Activity: Your answer must be the line containing "MCombo Zero Gravity" and each following line to the end of the listing below, copied exactly, with pictures removed and nothing added.

Source material:
==========

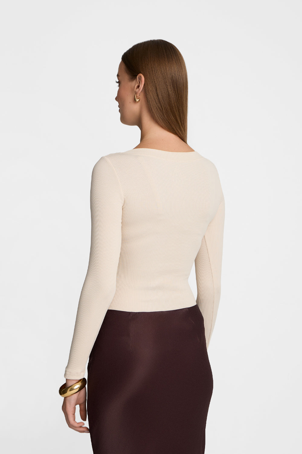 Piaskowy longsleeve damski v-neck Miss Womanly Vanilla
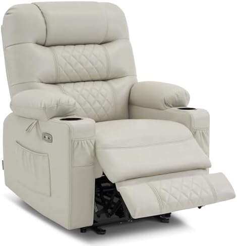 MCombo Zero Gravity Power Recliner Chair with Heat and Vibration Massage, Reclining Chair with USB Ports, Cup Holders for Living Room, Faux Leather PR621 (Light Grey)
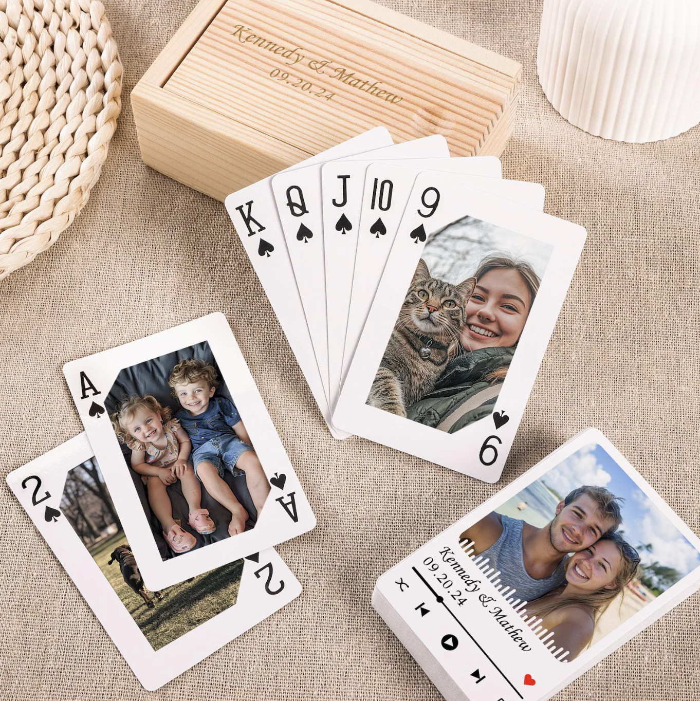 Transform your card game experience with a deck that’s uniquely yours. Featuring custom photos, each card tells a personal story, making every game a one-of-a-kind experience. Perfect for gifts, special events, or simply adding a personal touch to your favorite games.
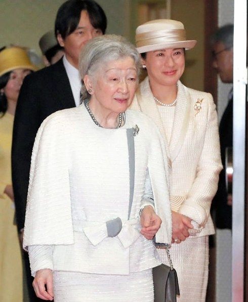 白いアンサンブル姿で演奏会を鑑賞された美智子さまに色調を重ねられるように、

==========

Task result:
 MCombo Zero Gravity Power Recliner Chair with Heat and Vibration Massage, Reclining Chair with USB Ports, Cup Holders for Living Room, Faux Leather PR621 (Light Grey)
 Transform your card game experience with a deck that’s uniquely yours. Featuring custom photos, each card tells a personal story, making every game a one-of-a-kind experience. Perfect for gifts, special events, or simply adding a personal touch to your favorite games.
 白いアンサンブル姿で演奏会を鑑賞された美智子さまに色調を重ねられるように、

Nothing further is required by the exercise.